A visiting professor at Goucher College in Maryland has been suspended from teaching while officials investigate claims of his involvement in the 1994 Rwandan genocide. Goucher College President Sanford Ungar informed students and faculty in an e-mail that Leopold Munyakazi, a French professor from Rwanda, was removed because of the seriousness of the allegations.

“Evidence that would either convict or exonerate Dr. Munyakazi beyond a reasonable doubt simply does not exist at this time,” Ungar said in the e-mail, according to the Baltimore Sun.

Munyakazi, a linguistics professor at the National University of Rwanda until 1992, has been charged with leading Hutu militia to Tutsis in hiding.
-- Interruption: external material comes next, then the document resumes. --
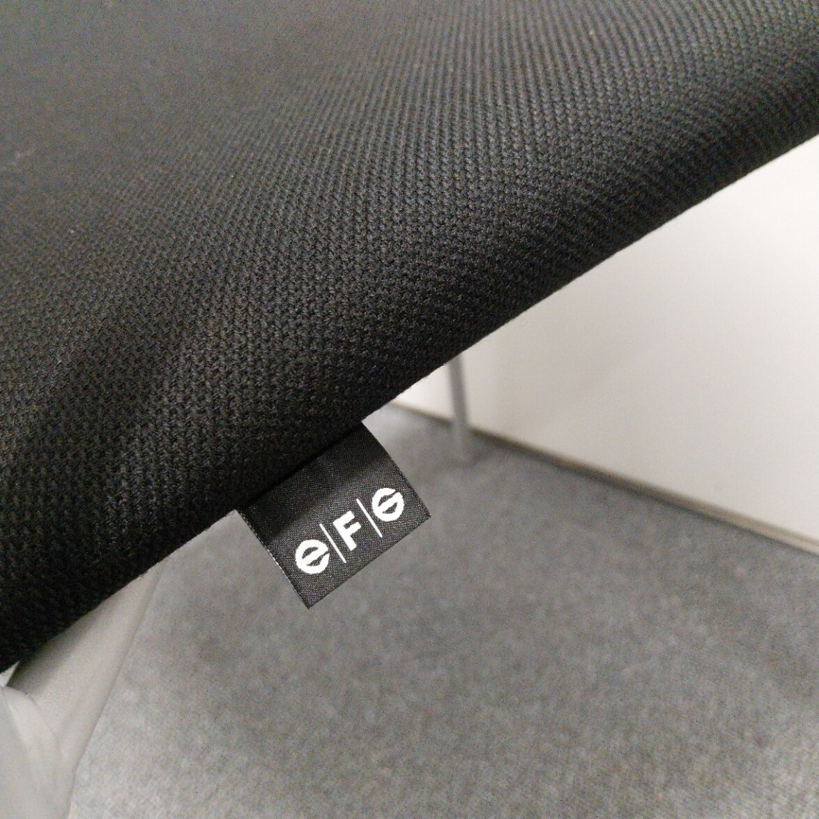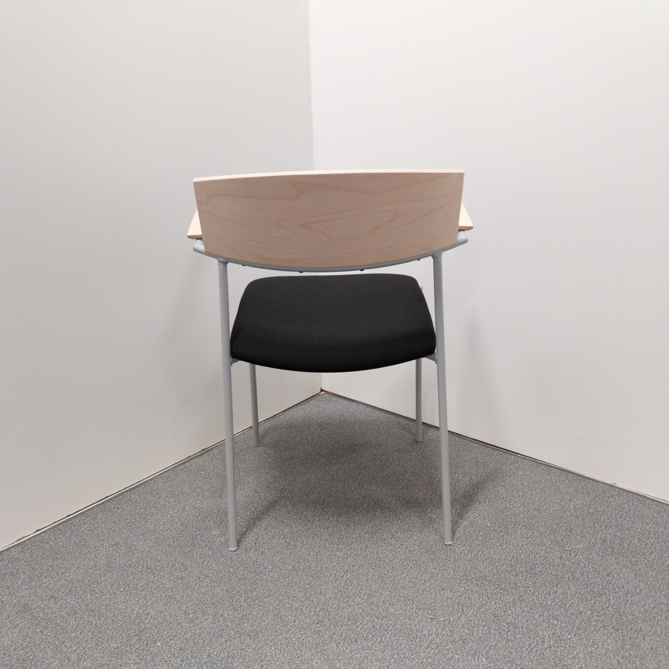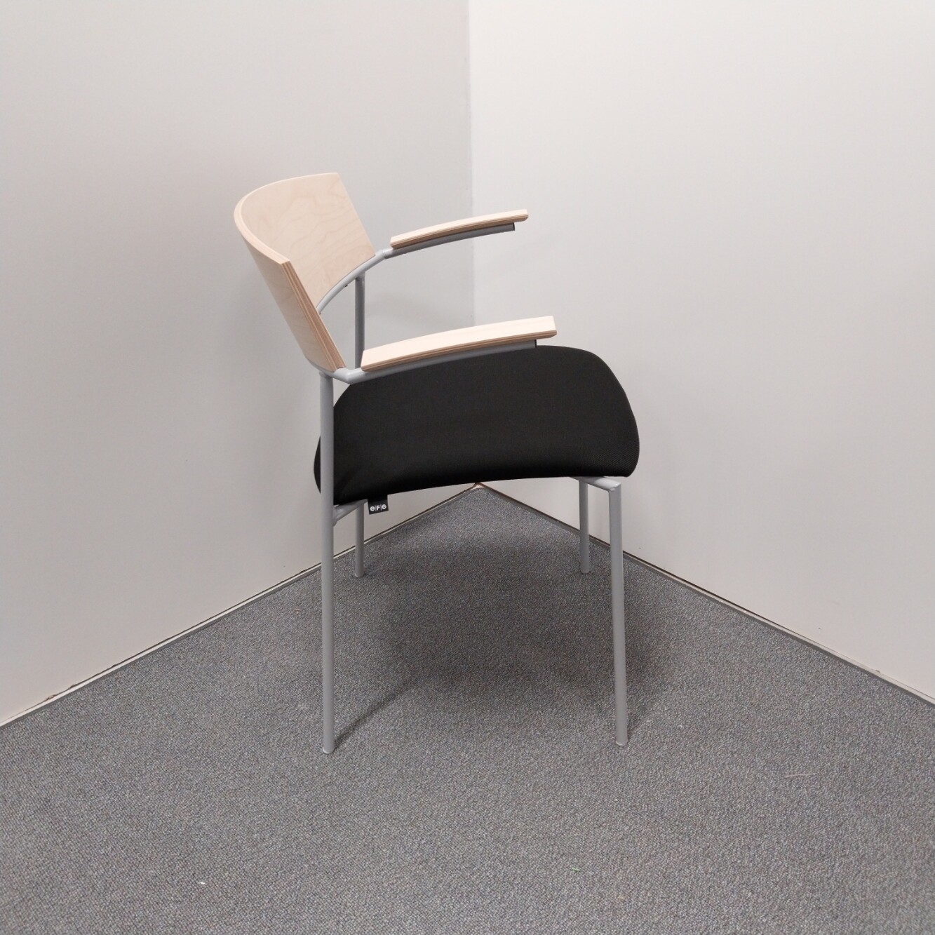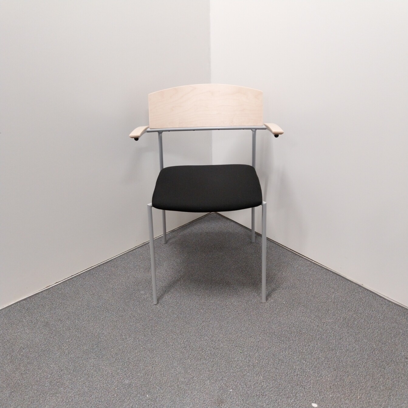 Sits i tyg (svart). Rygg i trä (björk). Ben i metall (silver).

He allegedly ordered officers inspecting roadblocks to check travelers’ identification and kill those who were Tutsis.

“I never did this,” Munyakazi said to the Baltimore Sun, explaining that he had criticized the Hutu government before the genocide. “I myself was targeted by militias. How could I collaborate with people who were hunting me?”

Munyakazi also told the Associated Press that he was persecuted for protecting his wife, who is a Tutsi.
Munyakazi was imprisoned for five years without charge. According to Andrew Tusabe, the second counselor at the Rwandan Embassy in Washington, D.C., Munyakazi was released in 1999 because of his age and profession. Munyakazi came to the United States for a seminar and returned home.

Alison Des Forges, a senior adviser at the Human Rights Watch, told The Washington Post that it was unusual for someone accused of genocide to obtain a passport and leave his home country freely, as Munyakazi did.

Munyakazi was indicted for involvement in the genocide in 2006, 12 years after the genocide and one month after making a controversial speech at the University of Delaware in which he questioned Rwanda’s official account of the massacre.

Ungar had been unaware of Munyakazi’s indictment, until he was approached in December by an NBC news producer doing a segment on war criminals.

“I am used to the persecution of the Rwandan government,” Munyakazi, who has documents from prosecutors, judges and village members supporting his innocence, said to the AP. “There’s no justice.”